Related, will there be a pylint release anytime soon?

brandon-leapyear avatar Feb 25 '22 04:02 brandon-leapyear

Hi @brandon-leapyear thank you for opening the issue. The next milestone for pylint is https://github.com/PyCQA/pylint/milestone/49, it's 89% done right now, we need a release of astroid in order to close it, it's here https://github.com/PyCQA/astroid/milestone/25, 70% done right now.

Pierre-Sassoulas avatar Feb 25 '22 06:02 Pierre-Sassoulas

I'm able to reproduce this, though not at 8s

time pylint --disable=all foo.py

real	0m5.106s
user	0m5.353s
sys	0m0.341s

5s is still quite shocking so I agree this issue is worth having. Though I wonder how to even tackle an issue like this?

For curiosity, I ran time pylint test.py (so not disabling, just enabling whatever checks are enabled via config) and I"m getting something pretty similar

time pylint test.py

real	0m5.377s
user	0m5.536s
sys	0m0.388s

Then I remove the pandas usage in the file and the time comes down significantly on both enabled checks and disabling all checks

real	0m0.886s
user	0m0.653s
sys	0m0.113s

So to me this is an issue related to pylint and pandas not related to disabling checks.

clavedeluna avatar Nov 21 '22 21:11 clavedeluna

Though I wonder how to even tackle an issue like this?

There's a documentation about performance for contributor here : https://pylint.pycqa.org/en/latest/development_guide/contributor_guide/profiling.html

Pierre-Sassoulas avatar Nov 21 '22 21:11 Pierre-Sassoulas

Cool. An investigation with a profiler is definitely needed here to get some data on what's going on!
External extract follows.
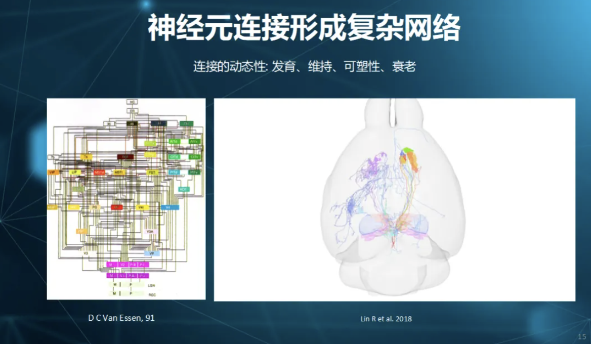 静态的连接虽然是现在脑科学的一个研究热点,但仅仅是研究里所需要解决的很小一部分。人脑的连接、神经系统的连接就像今天听到的很多人工智能的人工神经网络系统一样,细胞和细胞之间的连接是动态的,这个动态可以随着发育发生变化,可以随着衰老发生变化。另外是随着经验,也就是人工神经网络里经常说到的一句话,细胞和细胞之间的连接可以随着经验而产生连接的权重调整,这种权重的调整就形成了我们的记忆和学习过程。

clavedeluna avatar Nov 21 '22 21:11 clavedeluna

@clavedeluna There's another profiler called Yappi that I've used to great effect in Pylint profiling. I wrote up some instructions for it here: https://nickdrozd.github.io/2022/04/12/performance-hot-spots.html

nickdrozd avatar Nov 21 '22 22:11 nickdrozd

I also came across of https://github.com/bloomberg/pytest-memray recently and wanted to check what it can do for pylint. I did not try anything yet.

Pierre-Sassoulas avatar Nov 22 '22 08:11 Pierre-Sassoulas